Harvard ML theory seminar - Sho Yaida - Shared screen with speaker view
Boaz Barak
03:20
hi we have some AV issues we'll start shortly
Daniel Adam Roberts
38:30
I think kernel is a fixed function of whatever dataset you have, independent of the data. To represent it as a matrix you’d need ~N^2 numbers, for N^2 datapoints. But then incorporating finite width corrections, you’d need N^4 numbers.
Daniel Adam Roberts
01:16:41
To Lucas question: yes since you have expressions for the whole ensemble, you can compute the mean behavior.
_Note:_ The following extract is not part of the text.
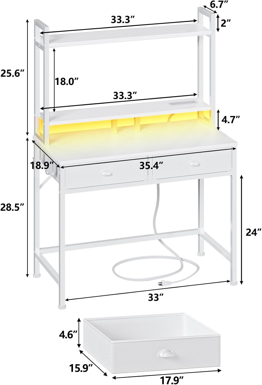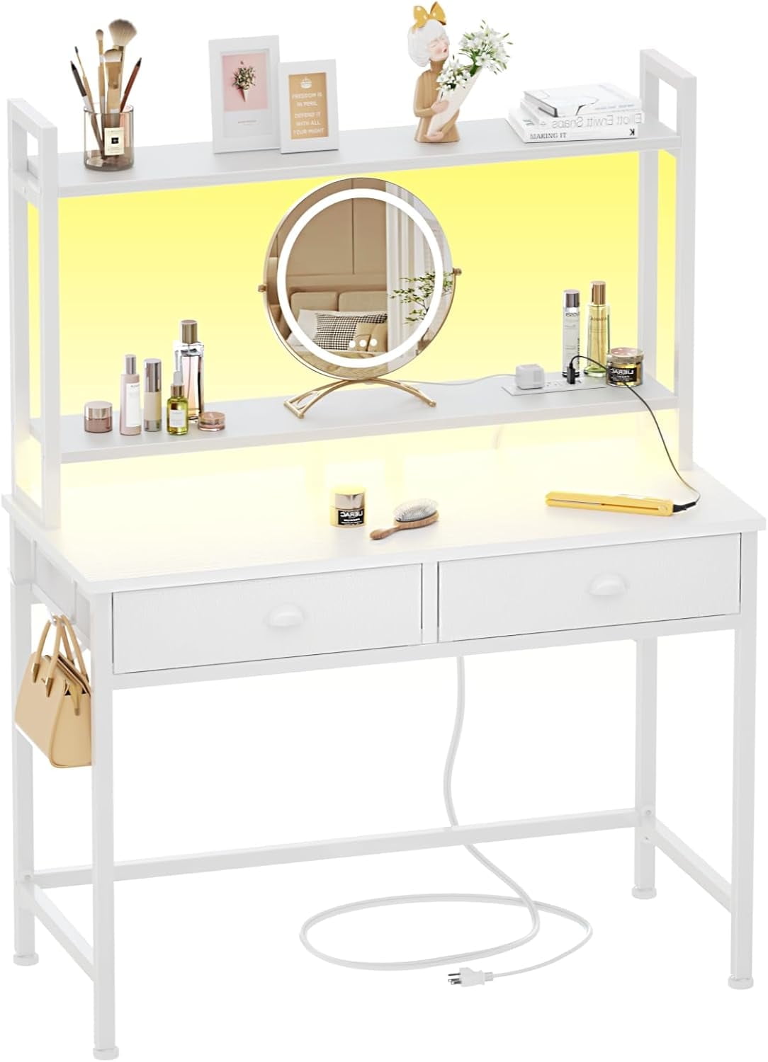 Satifur Small Computer Desk with Power Outlet & 2 Fabric Drawers, Gaming Desk with LED Light and Monitor Stand, Home Office Desk with Shelf and Hutch for Small Space, White-1

Though the perturbation theory breaks down for for L/n ~ 1. Sho is pointing out that in this regime where perturbation theory breaks down, any network is typically untrainable, and you would need an unrealistic number of realizations in your ensemble to see the mean behavior.
Daniel Adam Roberts
01:20:00
You can evaluate these equations efficiently for small datasets and check, yes.
Lucas B Janson
01:20:36
Have people done it?
Daniel Adam Roberts
01:21:03
We evaluated them to convince ourselves that what we did is correct. But there’s no formal study in the literature.
Lucas B Janson
01:21:13
Ok thanks!
Lucas B Janson
02:01:31
I have to run on the hour, but thanks for the really interesting talk!
Saleh Elmohamed
02:08:48
great talk